Caña, who is also Bisexual, felt empowered while writing Lola. "I have not been out for a very long time. I struggled a lot, whereas Lola did not," she said. "Our stories were very different. To write somebody who was just so 100% fully herself and accepting was a bit challenging. I will always be grateful to Lola for making me, personally, think about those things and work through some of my own issues."

While Lola is the first LGBTQ+ character to appear in the series, she does not function as a lesson to the protagonist. "I didn't want her to have to educate him on things. It's not our responsibility — Google is free. Everybody can learn if they want to learn," Caña said.

Caña hopes readers will appreciate the attention to detail she put into the book and find lessons beyond the romance. "I want to leave a little nugget of thoughtfulness, of thinking about things in a new way," she said. "I try not to be on my soapbox and preach to the readers. My goal is always to entertain them but also to make them think. I also hope that by letting the characters be who they are and live their life, readers also take away a certain type of empathy."

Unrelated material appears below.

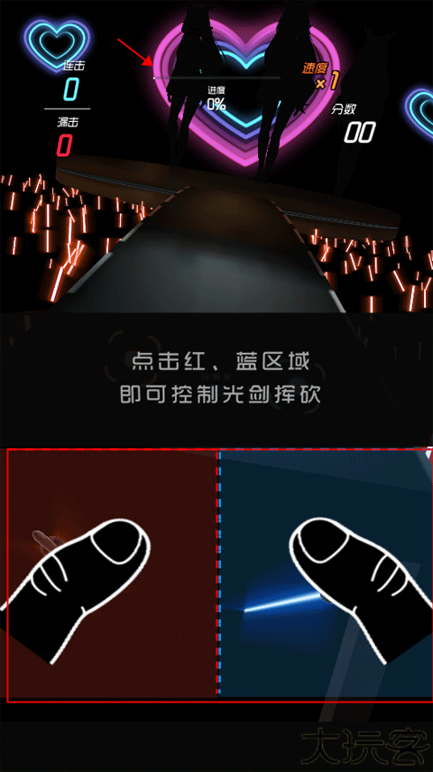 1、打开游戏,会有一段练习的过程,这段练习是帮助你快速上手这款游戏的,游戏玩法非常简单,就是随着音乐的节奏,不断地切割音符块。玩家只需要点击红、蓝区域,即可控制光剑挥砍。

Introducing rom-com readers to a Bisexual couple is a stepping stone to creating an environment of inclusivity. "There are differences, but not that much. All humans want is to be safe, happy, and who we are," Caña said. "I hope readers seeing Queer characters or people of color can be like, 'Oh, I actually can relate to these people because they want the same things I want.'"

Fans of Caña won't have to wait much longer to see book three. The final installment of her Vega Family trilogy, Sleeping with the Frenemy, will see Leo and Sophie reunite in an epic conclusion. It should hit shelves by summer 2024.

In the meantime, Caña is working to brainstorm her next Queer romance. "I have so many ideas right now that are ...going on at one time. Right now, I would love to do more of the Vega family, but I also have a paranormal idea that will definitely be Queer," she said.